Introduction to Benner Cycle and 2026 Prediction
00:00:46

The video introduces Samuel Benner's market cycle, devised in the late 19th century, noting its historical accuracy in predicting market tops and crashes, including the 1929 and 2007 peaks. The cycle projects a market top around the end of 2026, aligning with the speaker's expectation for a significant downturn.

Historical Accuracy and Nuances of Benner's Predictions
00:02:40

Despite its accuracy, the Benner chart can be off by a few years, as seen in deviations like the 1985 and 2012 lows. The speaker emphasizes that while interesting, these cycles are not absolute and other market factors should be considered, like the current bearish sentiment despite potential future highs.

Severity of the Expected Market Downturn
00:06:30

The speaker reiterates their long-term bearish outlook, predicting a severe market crash where the Dow could fall significantly below its current levels, potentially to 2,000. This is attributed to an impending debt implosion and the fragile nature of the current market, despite any short-term rallies.

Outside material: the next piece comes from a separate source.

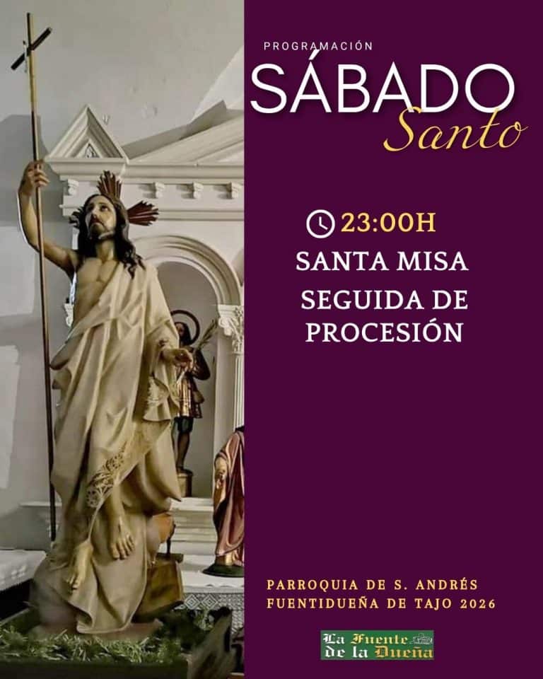 Horarios religiosos Sábado Santo Fuentidueña de Tajo Horarios religiosos de Sábado Santo 2026 de la Parroquia de San Andrés de Fuentidueña de Tajo Vistas 263

Duration of the Next Bear Market and Historical Precedents
00:10:31

While previous market downturns have varied in length (e.g., 7 years, 3 years, 2 years), the speaker believes the next bear market's initial wave (A-wave) could be stunningly swift, potentially lasting only a year or two. This swiftness is compared to historical crashes, suggesting a rapid decline due to the magnitude of current overvaluation and anticipated debt implosion. This quick downturn could catch many, including central bankers, off guard.